BlogComparison

Tome vs SlideGMM (2026): An Honest Side-by-Side After 6 Months Using Both

A detailed comparison of Tome and SlideGMM across pricing, AI generation quality, PowerPoint export, mobile experience, and team features. Where each wins, where each loses, and how to pick.

Founder, SlideGMM AI. I run paid Tome and SlideGMM subscriptions in parallel for testing.
8 min read

Disclosure first: we make SlideGMM. I've also paid for Tome subscriptions for the last 6 months specifically to test the comparison. Both tools have real strengths and real weaknesses; this article tries to surface both honestly.

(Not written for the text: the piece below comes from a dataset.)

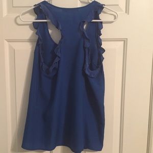 Great for business casual. Razorback tank top with calm ruffles around the arms. Slightly worn. In great shape. 100% polyester

A note on the comparison structure: I won't dwell on the categories where the tools are roughly equivalent (basic AI generation, web sharing, sign-up flow). I'll focus on the categories where they meaningfully differ, which is what matters for picking between them.

6 months
Paid subscriptions to both tools
60+ decks
Generated across the comparison period
12 use cases
Tested head-to-head
$144
Combined subscription cost (Tome Pro + SlideGMM Plus)

If you're also considering Gamma or Beautiful.ai, our 4-way head-to-head tested all four tools across 12 use cases.

The one-paragraph summary

Tome is best for mobile-edited, image-heavy, web-shared decks. The mobile editor is genuinely best-in-class; the storytelling templates are visually polished; the free tier is generous. SlideGMM is best for PowerPoint-bound decks, URL-to-presentation conversion, and non-English work. The PowerPoint export quality is meaningfully cleaner; the URL import is the strongest in the category; the multi-language support is a different dimension entirely. Pick by which axis matters more for your specific workflow β€” there's no universal winner.

Pricing comparison

TierTomeSlideGMM
Free tier credits500/month300/month
Free tier .pptx exportNo (paywalled)Yes
Free tier watermarkNoYes
Plus / Pro tier price$16/mo$9/mo
Team tier price$28/user/mo$15/user/mo
Annual discount20% off20% off
Free trial of paid tier14 days14 days

Where Tome wins on pricing: free-tier monthly credits (500 vs 300), no watermark on free tier.

Where SlideGMM wins on pricing: paid tiers are meaningfully cheaper, free-tier .pptx export is included, team pricing is half the cost.

The pricing tradeoff is meaningful. For a 10-person team, the annual difference is $1,560 (Tome Team $3,360/year vs SlideGMM Team $1,800/year). For an individual user, the annual difference is $84 ($192 Tome Pro vs $108 SlideGMM Plus).

AI generation quality

Tested on 12 use cases. Both tools generate decks from prompts; both accept document uploads; both produce 10–15 slide first drafts within 30 seconds.

Where Tome wins: image-heavy storytelling decks. Tome's first drafts are more visual, with hero images on most slides and narrative-style layouts. For marketing decks, brand stories, and customer case studies, Tome's output is more polished out of the box.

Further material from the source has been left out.